Generates a self-contained HTML deck with embedded base64 audio per slide. Open in any browser, no server needed.

```bash
voxflow slides "AI in Healthcare"
voxflow slides "Q4 Revenue Report" --template report --theme paper
voxflow slides "React Tutorial" --template tutorial --model balanced
voxflow slides "Startup Pitch" --template pitch --theme ocean --no-audio
```

| Flag | Default | Notes |
|---|---|---|
| `--text <text>` (or positional) | required | Topic |
| `--template` | `free` | `product` \| `report` \| `tutorial` \| `pitch` \| `free` |
| `--theme` | `midnight` | `midnight` \| `paper` \| `ember` \| `forest` \| `ocean` |
| `--model` | `swift` | `swift` \| `balanced` \| `pro` \| `creative` |
| `--voice <id>` | `v-female-R2s4N9qJ` | |
| `--no-audio` | false | Skip TTS, slides only |
| `--output <path>` | `./slides-<ts>.html` | |

10 layouts: `hero`, `title-bullets`, `two-column`, `three-cards`, `image-left`, `image-right`, `quote`, `timeline`, `stats`, `section`. Templates auto-pick a layout sequence.

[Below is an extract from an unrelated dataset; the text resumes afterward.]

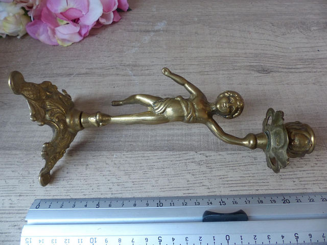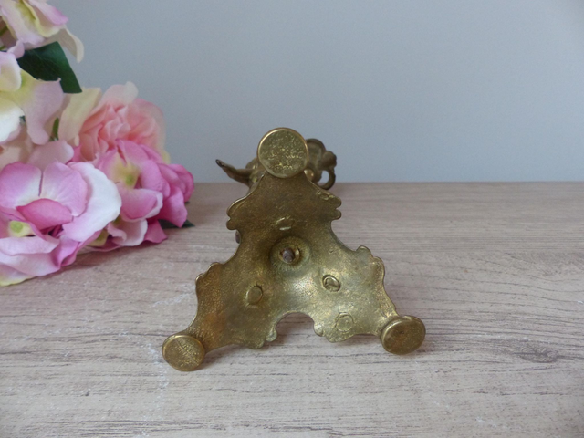 Réalisé en laiton massif, cet objet ancien séduit par sa silhouette délicate et son éclat doré chaleureux.

## 🖼 image — single Hunyuan illustration

Synchronous text → image (PNG). Useful for thumbnails or one-off art.

```bash
voxflow image "a sleeping cat in a sunlit window" --resolution 1024:1024 -o cat.png
```

Resolutions: `768:768`, `768:1024`, `1024:768`, `1024:1024`, `720:1280`, `1280:720`, `768:1280`, `1280:768`, `1080:1920`, `1920:1080`.

Prompt max 1000 chars. Output: local PNG + COS URL.


## Pick-the-right-tool checklist

```
"小红书风格知识卡片"           → picstory
"AI 短视频 + caption"          → picstory --style sketchnote
"explainer / What is X?"        → explain
"branded short with my text"    → present
"already have cards/script"     → present --cards
"shareable HTML deck w/ audio"  → slides
"single illustration"           → image
```

## Rules

1. **Search voices** with `voxflow voices` before passing `--voice`. Never guess IDs.
2. **Check quota** before video calls (`voxflow status`): picstory ≈ 3K, present/explain ≈ 500–2K.
3. **Test cheap first**: `picstory --scenes 2 --image-only` validates the script before paying for full render.
4. After render finishes, auto-play: `open output.mp4` (macOS).